Center for Global Infectious Disease Research, Seattle Children's Hospital, Seattle, WA, USA.
Malaria Department, Naval Medical Research Center, Silver Spring, MD, USA.
Malar J. 2021 Jul 9;20(1):308. doi: 10.1186/s12936-021-03839-3.
Vaccination with radiation-attenuated Plasmodium falciparum sporozoites is known to induce protective immunity. However, the mechanisms underlying this protection remain unclear. In this work, two recent radiation-attenuated sporozoite vaccination studies were used to identify potential transcriptional correlates of vaccination-induced protection.
Longitudinal whole blood RNAseq transcriptome responses to immunization with radiation-attenuated P. falciparum sporozoites were analysed and compared across malaria-naïve adult participants (IMRAS) and malaria-experienced adult participants (BSPZV1). Parasite dose and method of delivery differed between trials, and immunization regimens were designed to achieve incomplete protective efficacy. Observed protective efficacy was 55% in IMRAS and 20% in BSPZV1. Study vaccine dosings were chosen to elicit both protected and non-protected subjects, so that protection-associated responses could be identified.
Analysis of comparable time points up to 1 week after the first vaccination revealed a shared cross-study transcriptional response programme, despite large differences in number and magnitude of differentially expressed genes between trials. A time-dependent regulatory programme of coherent blood transcriptional modular responses was observed, involving induction of inflammatory responses 1-3 days post-vaccination, with cell cycle responses apparent by day 7 in protected individuals from both trials. Additionally, strongly increased induction of inflammation and interferon-associated responses was seen in non-protected IMRAS participants. All individuals, except for non-protected BSPZV1 participants, showed robust upregulation of cell-cycle associated transcriptional responses post vaccination.

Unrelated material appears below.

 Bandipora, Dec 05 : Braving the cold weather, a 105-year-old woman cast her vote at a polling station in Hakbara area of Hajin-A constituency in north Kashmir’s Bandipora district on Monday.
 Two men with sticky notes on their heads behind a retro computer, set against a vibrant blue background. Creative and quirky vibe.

In summary, despite stark differences between the two studies, including route of vaccination and status of malaria exposure, responses were identified that were associated with protection after PfRAS vaccination. These comprised a moderate early interferon response peaking 2 days post vaccination, followed by a later proliferative cell cycle response steadily increasing over the first 7 days post vaccination. Non-protection is associated with deviations from this model, observed in this study with over-induction of early interferon responses in IMRAS and failure to mount a cell cycle response in BSPZV1.

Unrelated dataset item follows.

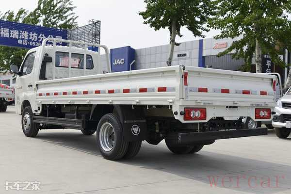 实拍车辆轴距3100mm,配备4.05米栏板货厢,保证了充足的载货空间。

已证实,辐射减毒疟原虫孢子囊的疫苗接种可诱导保护性免疫。然而,这种保护作用的机制仍不清楚。在这项工作中,我们使用了两项最近的辐射减毒孢子囊疫苗接种研究,以确定疫苗接种诱导保护的潜在转录相关性。
对来自疟原虫初免的成年参与者(IMRAS)和疟原虫感染成年参与者(BSPZV1)的纵向全血 RNAseq 转录组对辐射减毒疟原虫孢子囊免疫接种的反应进行了分析,并进行了比较。两项试验中寄生虫剂量和接种方法不同,免疫方案旨在实现不完全的保护效力。在 IMRAS 中观察到 55%的保护效力,在 BSPZV1 中观察到 20%的保护效力。研究疫苗剂量被选择为了引起既受保护又不受保护的个体,从而可以确定与保护相关的反应。
在第一次接种后 1 周内分析可比时间点发现,尽管两个试验之间差异表达基因的数量和幅度存在很大差异,但存在一个共享的跨研究转录反应方案。观察到一个与时间相关的血液转录模块反应的调节程序,在接种后 1-3 天诱导炎症反应,在两个试验的保护性个体中,第 7 天可见细胞周期反应。此外,在未受保护的 IMRAS 参与者中,强烈诱导炎症和干扰素相关反应。除了未受保护的 BSPZV1 参与者外,所有个体在接种疫苗后均表现出细胞周期相关转录反应的强烈上调。
尽管两个研究之间存在很大差异,包括接种途径和疟疾暴露状态,但识别出了与 PfRAS 疫苗接种后保护相关的反应。这些反应包括接种后 2 天达到峰值的中度早期干扰素反应,随后是细胞周期反应的后期增殖,在接种后第 1 天逐渐增加。在这项研究中,未受保护的个体表现出这种模式的偏差,表现为 IMRAS 中早期干扰素反应过度诱导,而 BSPZV1 中未能产生细胞周期反应。